Do We Need Windows 12?

It’s almost certain that Microsoft will release Windows 12 in the near future – sometime in 2024, probably – but the question is, do we need it? I was prompted to consider this question, having read Jim Hillier’s excellent article Are We Heading For An AI-Driven Windows 12? where he highlighted a serious Start Menu bug in Windows 11. Actually, I was reminded of the months prior to the Windows 10 launch in 2015 when Microsoft declared that it would be the last Windows version because the vision had changed over to Windows as a service. One was left with the impression that Windows 10 would be constantly updated and that would be that. It might not be related but it’s worth remembering that Satya Nadella became Microsoft’s third CEO in February 2014 and his influence may have changed that vision.

What’s In A Name?

Windows 1.0 was released in 1985, Windows 11 in 2021 and in between, there were twenty other versions (if you count XP x64) with only three having an alpha moniker – Windows ME, XP, and Vista:

  • Windows 11, released in 2021.
  • Windows 10, released in 2015.
  • Windows 8.1, released in 2013.
  • Windows 8, released in 2012.
  • Windows 7, released in 2009.
  • Windows Vista, released in 2007.
  • Windows XP Professional x64 Edition, released in 2005.
  • Windows XP, released in 2001.

I don’t know about you, but I find the alpha-named versions easier to remember, faintly nostalgic, and still harbour fond memories of Windows XP – a new millennium OS with a kind of Toys”R”Us feel, Windows Vista which was very shiny and widgety, but Windows ME not so much. Most of us rejoiced when Windows 7 came along because Vista felt bloated, not to mention the indexing factor. But then in 2012, something weird happened at Microsoft when that witches brew called Windows 8 came to haunt us, only partially redeemed by 8.1, but the memory would live on. I still wake up in a cold sweat when I remember that debacle, but quickly go all warm and fuzzy when I remember how we were rescued by Windows 10 in 2015. But what happened to Windows 9? And what’s so malicious about the number nine anyway?

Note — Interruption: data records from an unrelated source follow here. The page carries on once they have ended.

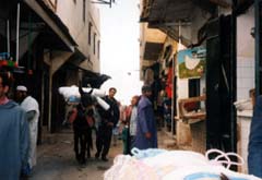フェズ・エル・バリ フェズのメディナの中で最も古く、世界遺産にも登録されている。 今も、フェズの人口の約半分、 30万人ほどの人々がここと、もう一つのメディナに住んでいるという。 幅2mか3mほどの狭い道が、何百にも枝分かれし、入り組んだ路地は、 メディナ 専用のガイドなくては迷子になる。 ツアーからはぐれたら、<動かずにその場所で 待っていて>と添乗員さんに言われる。 ロバや荷車が通ると、観光客は皆、壁にはりついて道をあける。 ”バラック、バラック”(気をつけて)という言葉が飛び交っていた。 |
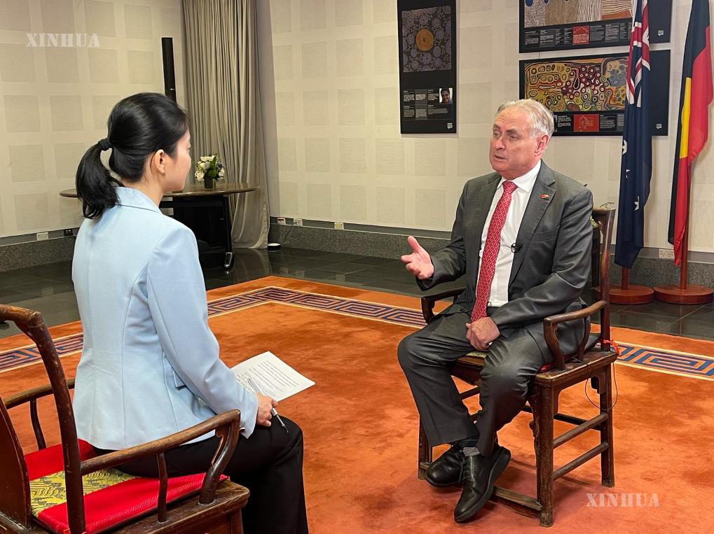 Australian Trade Minister Don Farrell receives an interview with Xinhua at the Australian embassy in China in Beijing, capital of China, May 12, 2023. (Xinhua/Xu Haijing)
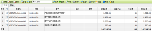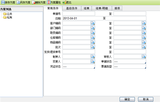 - 输入查询条件或选择已保存的查询方案,点击【确定】按钮,系统按条件过滤,并回到列表页面显示查询结果。

“Windows 10, because 7 8 9.”

That’s an insider joke apparently and the deciphered version is, seven ate nine. The semi-official version as to why Nine was skipped is pure marketing, with Microsoft quite correctly wishing to distance itself from the hideous Windows 8 in the same way that one would wish to clamber aboard a very fast jet to escape a scorned woman. But the numbering system does make sense and I can’t see Microsoft returning to alpha monikers, but there will surely be considerations towards the end of this decade when Windows 12 needs to be replaced. Windows 13, anyone?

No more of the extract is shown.